Tao: “I think the next few decades of mathematics will be characterized by interdisciplinary synthesis of disparate fields of mathematics; the emphasis will be less on developing each field as deeply as possible (though this is of course still very important), but rather on uniting their tools and insights to attack problems previously considered beyond reach.”
————
These quotes do a pretty admirable job of summarizing the cognitive and mathematical objectives of quantum system engineering (which is why I too the trouble to enter so many of them!).

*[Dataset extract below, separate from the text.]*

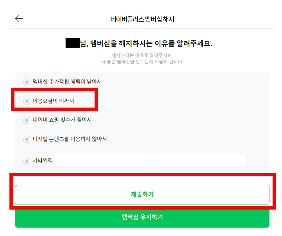 7. 해지이유 중 '이용요금이 비싸서'를 클릭 후, 제출하기를 클릭합니다.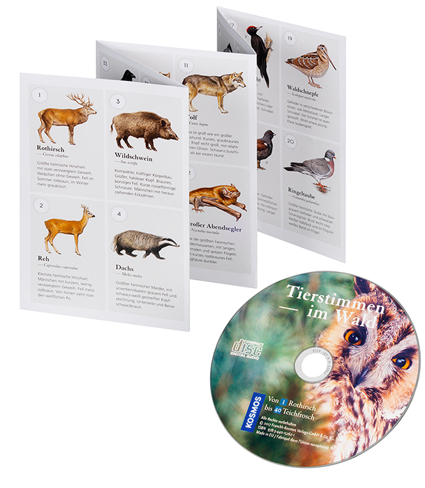 Ob Hirsch und Reh, Wildschwein oder scheue Vögel: Viele Tiere des Waldes hört man viel eher, als dass man sie sieht. Mit der CD in diesem Package kann man sich zu Hause die häufigsten Tierstimmen des Lebensraums Wald in Ruhe anhören und so die Tiere, die man gehört hat, bestimmen. Die wichtigsten Informationen zu den Tieren finden sich im Leporello in Bild und Text. Wer sich die Tierstimmen unterwegs anhören möchte, kann dies per Smartphone oder Tablet mit der kostenlosen KOSMOS-PLUS-App.

And Tao’s comment “There has also been a significant advance in simplification and insight [in that] several difficult pieces of mathematics [are being] unified into a single difficult piece of mathematics” made me LOL. 🙂
Comment #5 February 13th, 2007 at 5:32 am
Terence Tao said (see above): “Some universal heuristics and themes have emerged that can describe large parts of mathematics quite succinctly; for instance, the theme of passing from local control to global control, or the idea of viewing a space in terms of its functions and sections rather than by its points, lend a clarity to the subject that was not available in the days of Poincaré or Hilbert”
If we apply this to computational complexity, then it is pretty clear (IMHO) that “local control” is logic, and “points” are gates. So I would be interested to learn, in the context of computation, what emerging themes map onto Tao’s notions of “global control”, “functional spaces”, and “sections”?
And are these emerging mathematical tools sufficiently powerful to offer a reasonable prospect of understanding computational complexity “quite succinctly”?
The above questions were, to me, the most interesting questions provoked by Tao’s commentary.